> [Supplied data]:
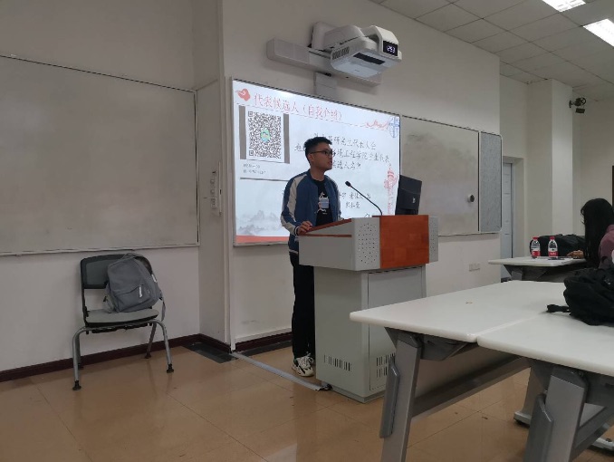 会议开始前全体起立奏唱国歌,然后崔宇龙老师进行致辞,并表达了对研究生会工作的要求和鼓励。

--

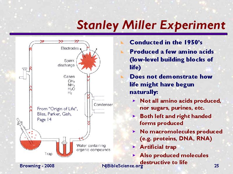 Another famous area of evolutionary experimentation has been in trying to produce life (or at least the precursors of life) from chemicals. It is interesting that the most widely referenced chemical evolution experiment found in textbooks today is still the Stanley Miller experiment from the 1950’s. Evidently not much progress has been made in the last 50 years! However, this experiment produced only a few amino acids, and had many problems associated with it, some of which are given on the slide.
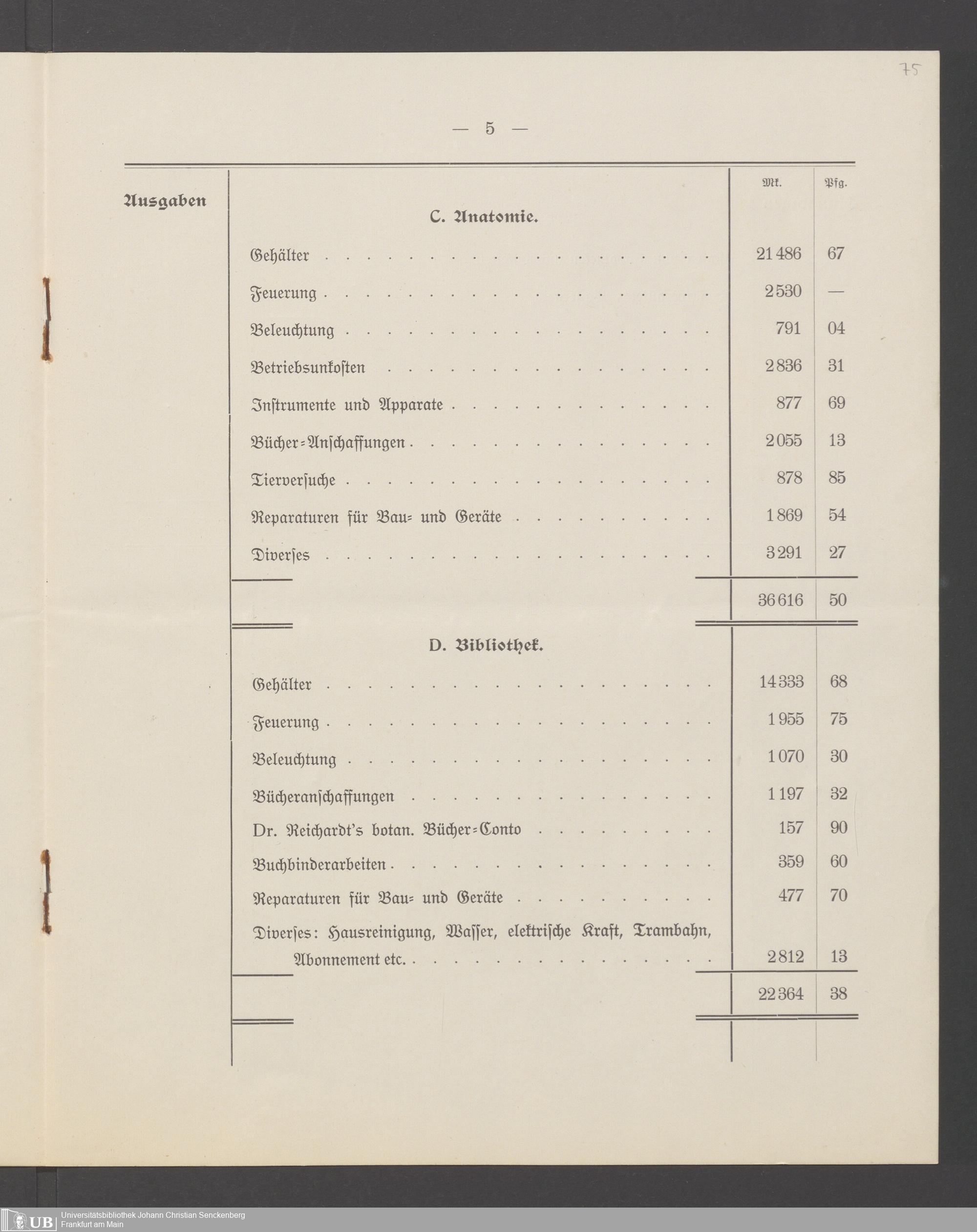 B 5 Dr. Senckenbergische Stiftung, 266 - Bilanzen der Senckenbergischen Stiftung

> [What you are asked to do]: Print, exactly and with no pictures, the lines of the listing above starting at the one that has "Another famous area" and ending at the one that has "B 5 Dr. Senckenbergische", both included.

> [Exercise solution]:
 Another famous area of evolutionary experimentation has been in trying to produce life (or at least the precursors of life) from chemicals. It is interesting that the most widely referenced chemical evolution experiment found in textbooks today is still the Stanley Miller experiment from the 1950’s. Evidently not much progress has been made in the last 50 years! However, this experiment produced only a few amino acids, and had many problems associated with it, some of which are given on the slide.
 B 5 Dr. Senckenbergische Stiftung, 266 - Bilanzen der Senckenbergischen Stiftung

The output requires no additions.